(Data items)
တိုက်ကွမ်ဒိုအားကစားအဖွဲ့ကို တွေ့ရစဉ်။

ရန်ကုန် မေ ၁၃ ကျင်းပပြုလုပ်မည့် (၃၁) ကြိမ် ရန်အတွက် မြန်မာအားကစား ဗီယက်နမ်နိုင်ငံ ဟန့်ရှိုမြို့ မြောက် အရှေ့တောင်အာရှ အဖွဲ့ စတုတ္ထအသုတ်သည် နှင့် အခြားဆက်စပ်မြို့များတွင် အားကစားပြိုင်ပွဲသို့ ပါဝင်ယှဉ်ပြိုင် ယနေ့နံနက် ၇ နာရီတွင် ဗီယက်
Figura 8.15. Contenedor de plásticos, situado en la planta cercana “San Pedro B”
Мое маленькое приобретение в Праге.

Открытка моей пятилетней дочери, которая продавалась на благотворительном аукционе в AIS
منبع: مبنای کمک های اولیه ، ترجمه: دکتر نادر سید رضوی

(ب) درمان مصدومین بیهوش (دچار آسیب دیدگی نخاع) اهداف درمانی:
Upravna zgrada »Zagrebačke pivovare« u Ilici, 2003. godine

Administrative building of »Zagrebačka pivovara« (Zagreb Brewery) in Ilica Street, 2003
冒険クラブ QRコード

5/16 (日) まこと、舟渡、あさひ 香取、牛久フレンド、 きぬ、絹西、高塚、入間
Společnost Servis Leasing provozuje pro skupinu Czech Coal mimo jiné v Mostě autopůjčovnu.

...

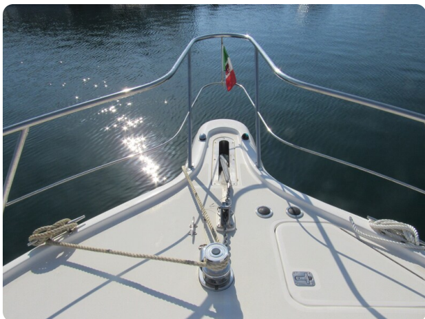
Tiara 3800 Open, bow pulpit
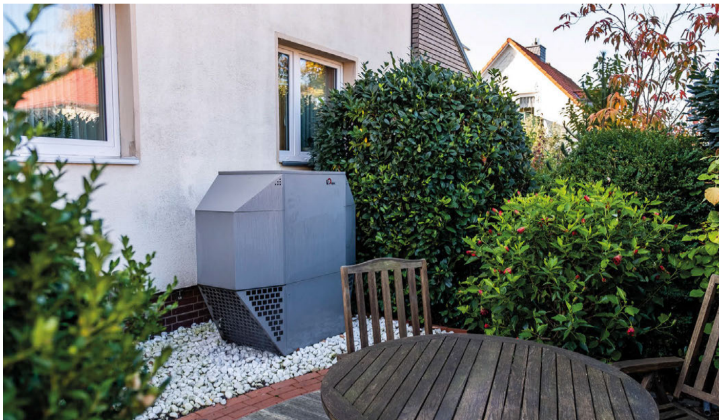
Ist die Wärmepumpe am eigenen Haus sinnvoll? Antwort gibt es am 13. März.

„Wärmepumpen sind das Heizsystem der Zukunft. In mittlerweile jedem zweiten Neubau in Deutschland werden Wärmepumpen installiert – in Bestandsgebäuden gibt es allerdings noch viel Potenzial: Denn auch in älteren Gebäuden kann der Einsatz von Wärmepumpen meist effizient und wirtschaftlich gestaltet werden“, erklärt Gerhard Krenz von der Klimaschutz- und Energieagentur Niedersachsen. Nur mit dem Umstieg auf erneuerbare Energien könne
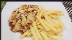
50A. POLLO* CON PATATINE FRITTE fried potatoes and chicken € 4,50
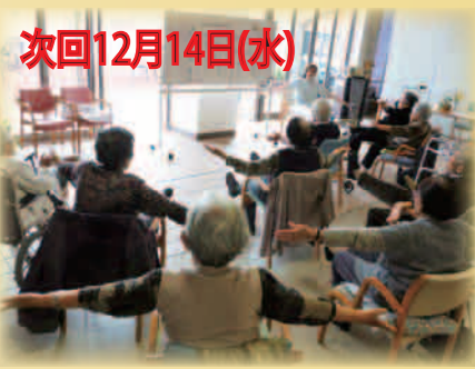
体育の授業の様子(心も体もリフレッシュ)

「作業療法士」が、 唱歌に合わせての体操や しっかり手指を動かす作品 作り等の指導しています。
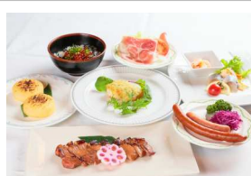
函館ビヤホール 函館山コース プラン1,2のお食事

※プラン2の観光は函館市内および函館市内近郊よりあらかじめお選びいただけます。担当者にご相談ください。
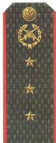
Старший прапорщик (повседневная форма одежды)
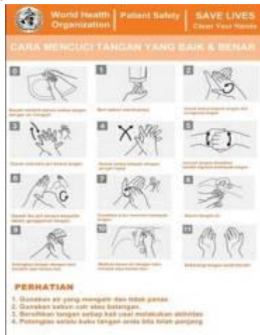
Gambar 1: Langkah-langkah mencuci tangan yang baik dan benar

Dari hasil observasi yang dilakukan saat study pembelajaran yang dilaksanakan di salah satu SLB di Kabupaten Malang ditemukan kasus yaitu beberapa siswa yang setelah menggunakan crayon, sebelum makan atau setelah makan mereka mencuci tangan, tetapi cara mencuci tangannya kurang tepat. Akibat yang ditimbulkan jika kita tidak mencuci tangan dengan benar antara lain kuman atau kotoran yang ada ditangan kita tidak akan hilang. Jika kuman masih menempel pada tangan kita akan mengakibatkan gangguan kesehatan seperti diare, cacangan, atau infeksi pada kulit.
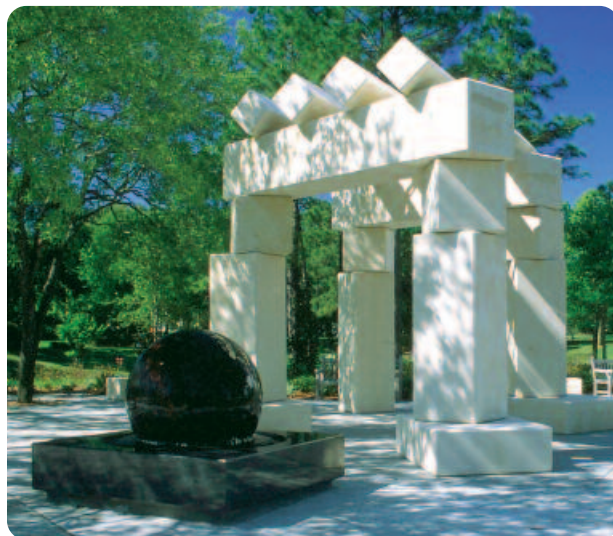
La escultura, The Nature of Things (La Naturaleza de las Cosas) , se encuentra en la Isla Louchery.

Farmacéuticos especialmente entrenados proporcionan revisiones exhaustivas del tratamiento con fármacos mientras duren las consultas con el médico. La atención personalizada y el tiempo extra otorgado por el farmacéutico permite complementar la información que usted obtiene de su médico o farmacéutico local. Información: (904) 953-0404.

● **EXERCISE GOAL**:
Look over the entries above and count the lines where the word "tangan" appears, then report only that count.

● **COMPLETED EXERCISE**:
2